Korea and China renew $56 billion currency swap
The terms of the renewal follow those of the previous arrangement, with the contract set at $56 billion for three years.
Korea’s central bank and the Finance Ministry said that the renewal agreement was made on Oct. 10, the day the previous deal matured, but they delayed the official announcement due to “technical issues.”
“We reached the final agreement on Oct. 10,” said Lee Ju-yeol, Governor of the Bank of Korea.
“We announced the decision today because we’ve completed a review of technical issues.”
Lee and Finance Minister Kim Dong-yeon confirmed the renewal during their visit to Washington for a meeting of the Group of 20 finance ministers and central bank governors and the annual gathering at the International Monetary Fund and the World Bank.
Lee explained that the extension came into effect on Oct. 11.
“Since the decision went into effect on Oct. 11 after the signing of the agreement on Oct. 10, there was no vacant period,” the governor said.
A cross currency swap allows two countries to exchange payments in one currency for an equivalent amount in the other to facilitate bilateral trade transactions and offer liquidity support to financial markets.

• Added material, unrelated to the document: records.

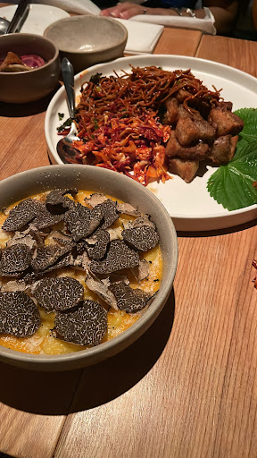 To welcome our history teacher back to HK, my friend offered us Korean dinner at this resto. . For the first round, we ordered Truffle Beef Tartare, Moyo Bossam, Bulgogi and Sea Urchin Rice.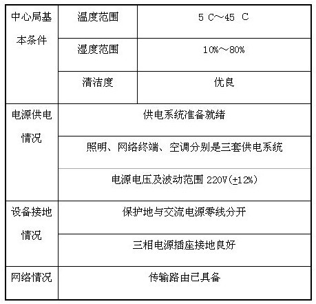 1.所有需要中心和分中心的建设应具备电源、接地、适合的温湿度及施工电源等相关条件,详细可参见下表。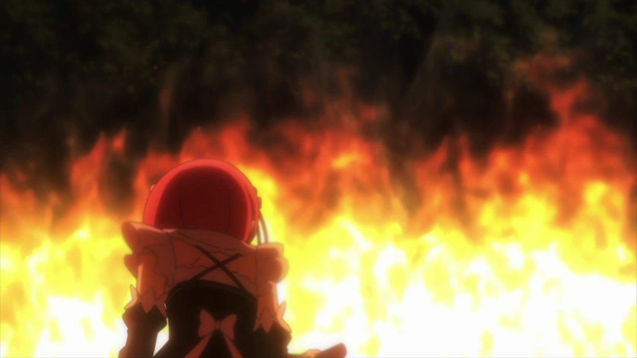 Now…I still don’t quite understand Ram’s love for Roswaal. I’m trying to rationalize it, but honestly I just don’t like it. This is the man that took part in destroying her village and killing her people. And now she loves him? Even he doesn’t understand and neither do I. This is pretty much a Stockholm Syndrome type of thing going on and I just don’t like it, I never liked it. Is it because she took pity on him? She looks up to him? He supplies her with mana and she’s grateful? Seriously, what the hell is going on here? I just don’t like it, so it’s sad that Ram is doing so much for a man that would happily dispose of her (as we’ve seen in a past timeloop). Like…Garfiel is right there! Stop wasting your time on this creepy clown. And I love Ram, seeing her get blasted like that hurt my heart. Please be okay! Please Puck tell me you saved her! T~T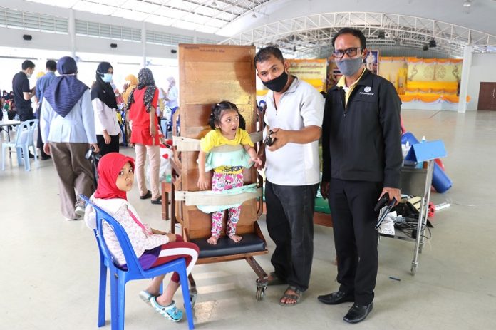 สำหรับ กิจกรรมขยายผลการนำนวัตกรรมสำหรับการฟื้นฟูสภาพเด็กพิการ สนองแนวพระราชดำริ ในการช่วยเหลือและพัฒนาคุณภาพชีวิตครอบครัวเด็กพิการในพื้นที่จังหวัดชายแดนภาคใต้ “เก้าอี้สุขใจ สู่ รองเท้าสั่งตัด ปีที่ 4” ตามโครงการอันเนื่องมาจากพระราชดำริ เป็นโครงการที่ศูนย์อำนวยการบริหารจังหวัดชายแดนภาคใต้ (ศอ.บต.) ได้ขับเคลื่อนดูแลพี่น้องประชาชนตามพระราชดำริของสมเด็จพระกนิษฐาธิราชเจ้า กรมสมเด็จพระเทพรัตนราชสุดาฯ สยามบรมราชกุมารี ที่ทรงห่วงใยพี่น้องในพื้นที่และมีดำริโครงการต่าง ๆ เพื่อดูแลทุกข์สุขของพี่น้อง โดยเฉพาะเด็กและครอบครัวเด็กพิเศษจังหวัดชายแดนภาคใต้ ซึ่ง ศอ.บต. พร้อมหน่วยงานในพื้นที่ได้ร่วมขับเคลื่อนทุกโครงการเชิงรุกเพื่อเข้าถึงพี่น้องประชาชนที่เจ็บป่วย แม้ในพื้นที่ที่อยู่ห่างไกลด้วยรถสิริเวชยาน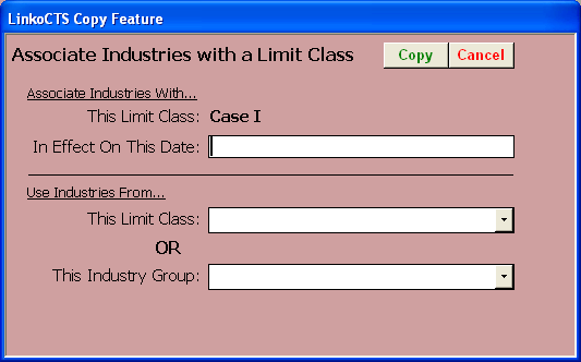 Copy Industries from another Limit Class or an Industry Group into a new Limit Class. The user can also associate Industries from an existing Limit Class to the same Limit Class but assign new effective dates for the Industries.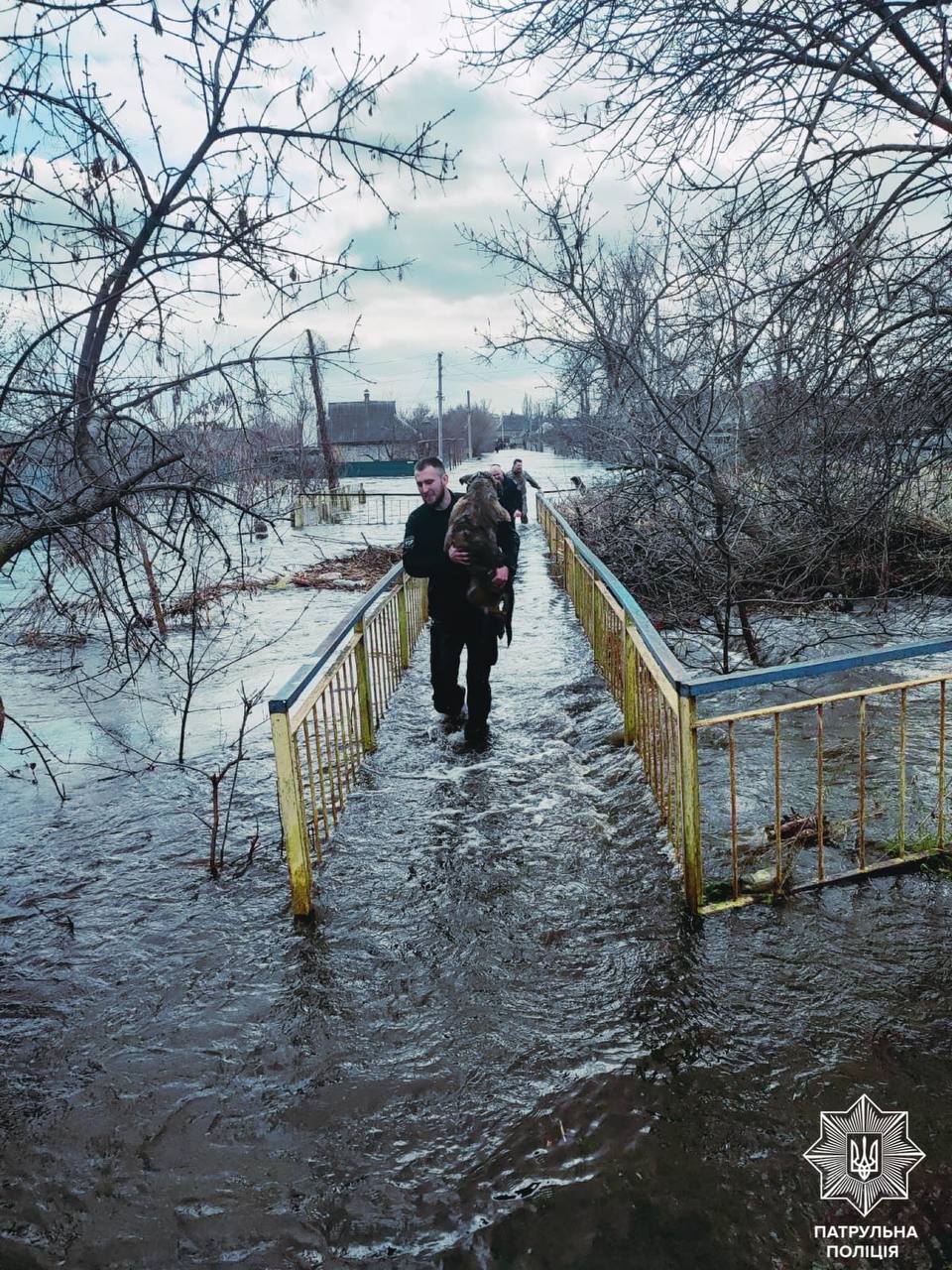 Полицейский спасает пса из водяной ловушки. Видно что уровень воды поднялся настолько высоко, что затопил пешеходный мостик, На фоне видна панорама залитого водой частного сектора.

Since the arrangement with China accounts for nearly half of the entire $122 billion worth of currency swaps that Korea has with other countries, the government and the central bank have worked to lengthen the deal since the beginning of this year with a series of working-level discussions.
Experts say that China is also incentivized to extend the deal because the currency swap can contribute to China’s efforts to make the yuan a key international currency.
As the expiration date drew nearer, however, some experts predicted the tensions surrounding the Thaad deployment could affect the negotiation.
The successful renegotiation may prove crucial for the Moon Jae-in administration, as it tries to reach a diplomatic breakthrough with China, Korea’s No. 1 trading partner, which has imposed a range of economic retaliations against Korea.
Noh Kyu-duk, a spokesman for the Ministry of Foreign Affairs, told reporters that the government expects the agreement to serve as a watershed moment in the two countries’ cooperation.
“In the wake of the deal’s extension, the government hopes that bilateral relations and cooperation between Korea and China will improve in other sectors,” the spokesperson said.
Both the ruling and opposition parties welcomed the announcement.
Jeong Yong-ki, a spokesperson of the opposition Liberty Korea Party, called the event “a relief,” saying that the Chinese government should be more open to economic matters independently of the political tension.
The two countries began the exchange, worth $26 billion, back in 2009 to avoid a liquidity crisis and facilitate bilateral trading. Both parties agreed to double its size in 2011 and went on to renew the swap deal in 2014 during former President Park Geun-hye’s state visit to China.